As Penny Hardaway (the poster) already said, to be fair to Marbury, his passing and offensive skills are already pretty good, as his 20 pts and 8 assists average will show. Now that Marion and Marbs have a full year playing together under their belt, things should begin to run more smoothly. I don't know if Marion will get 20+ shots a game, but he'll get his fair share.


----------



## John (Jun 9, 2002)

Actually, Stephon has no problems running the point until when it counts. He costed so many games by his "quick shot" at the end of games. I mean, sure sometimes he makes a basket. But to be a great playoff team anyway, you have to be very discipline on the offense and be able to play defense.

Penny + Marbury maybe the worst defensive backcourt in the NBA now. 
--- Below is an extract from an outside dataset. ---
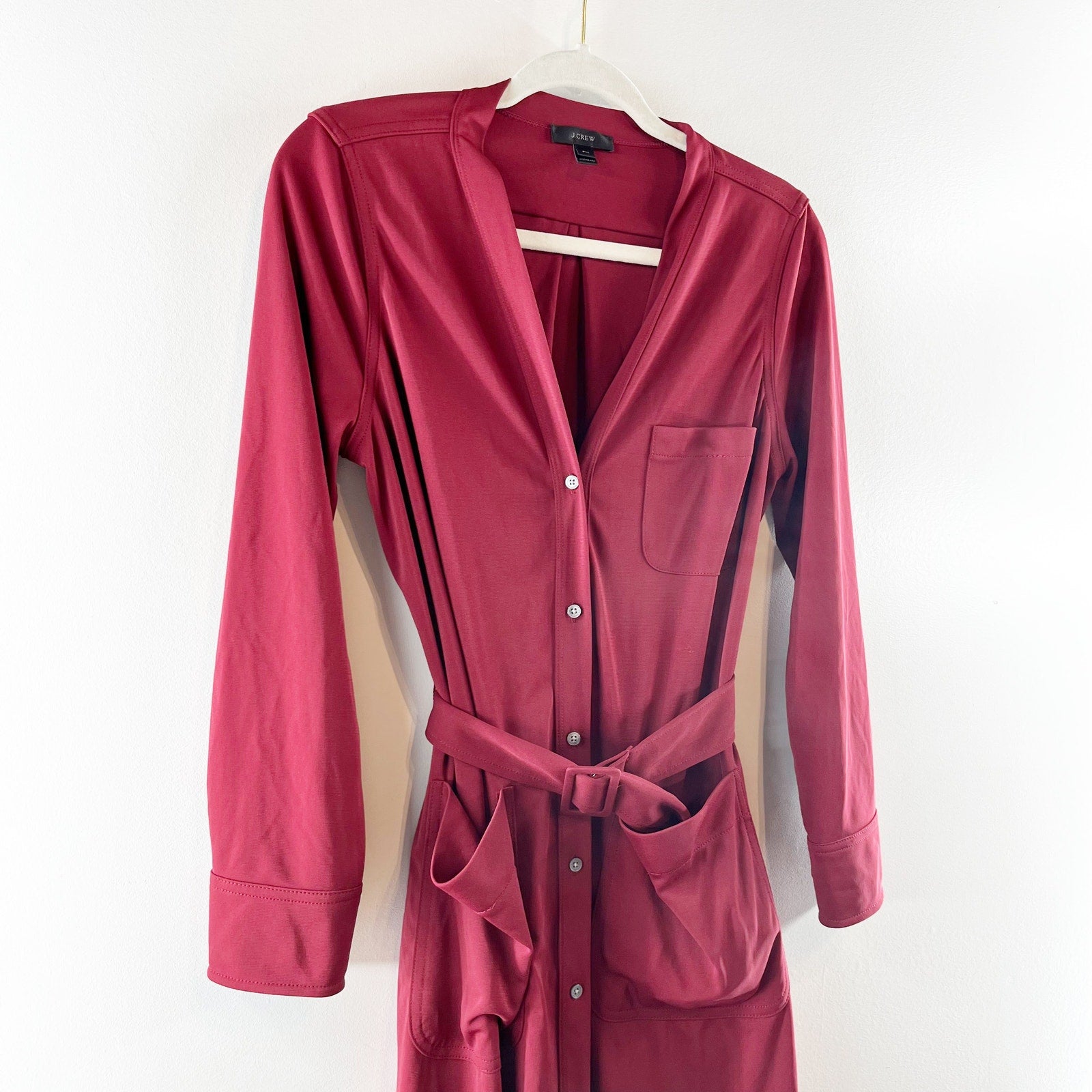 J. Crew Long Sleeve Belted Midi Shirt Dress Maroon Burgundy Red Medium Petite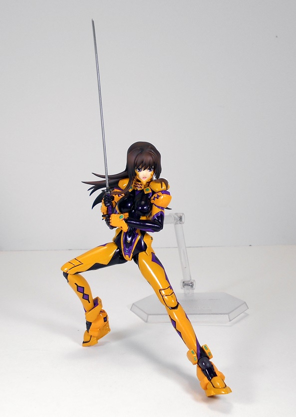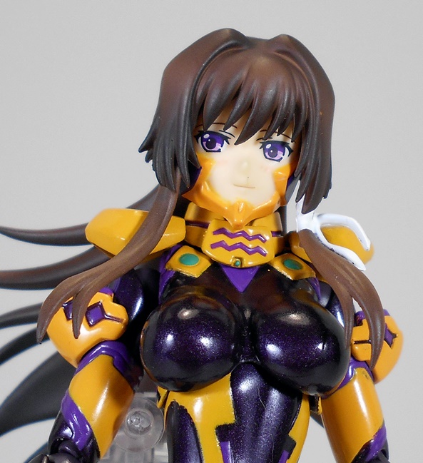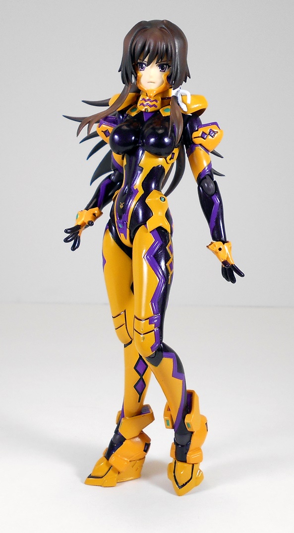 Yui comes clad in her Type-00 Fortified Pilot Suit, which is recreated here in splendid detail. It’s a design that manages to preserve her shapely curves and yet adds on some more angular armor bits in strategic places, like her boots, wrists, and shoulders. Every part of the suit’s detail, including the panel lines, are part of the sculpt and the mustard, black, and purple paint is beautifully applied with just the right amount of sheen. The only quality issue I can see on my figure is a little nick to the paint on her left knee.This is easily my favorite, and arguably the most distinctive, TSF pilot suit in the series, and this figure nails the look perfectly.

lol, I forgot Francis and Mobley.


----------



## TheMatrix31 (May 28, 2002)

> Originally posted by *Penny Hardaway *
> Actually, Stephon has no problems running the point until when it counts. He costed so many games by his "quick shot" at the end of games. I mean, sure sometimes he makes a basket. But to be a great playoff team anyway, you have to be very discipline on the offense and be able to play defense.
> 
> Penny + Marbury maybe the worst defensive backcourt in the NBA now.
> ...


LoL


----------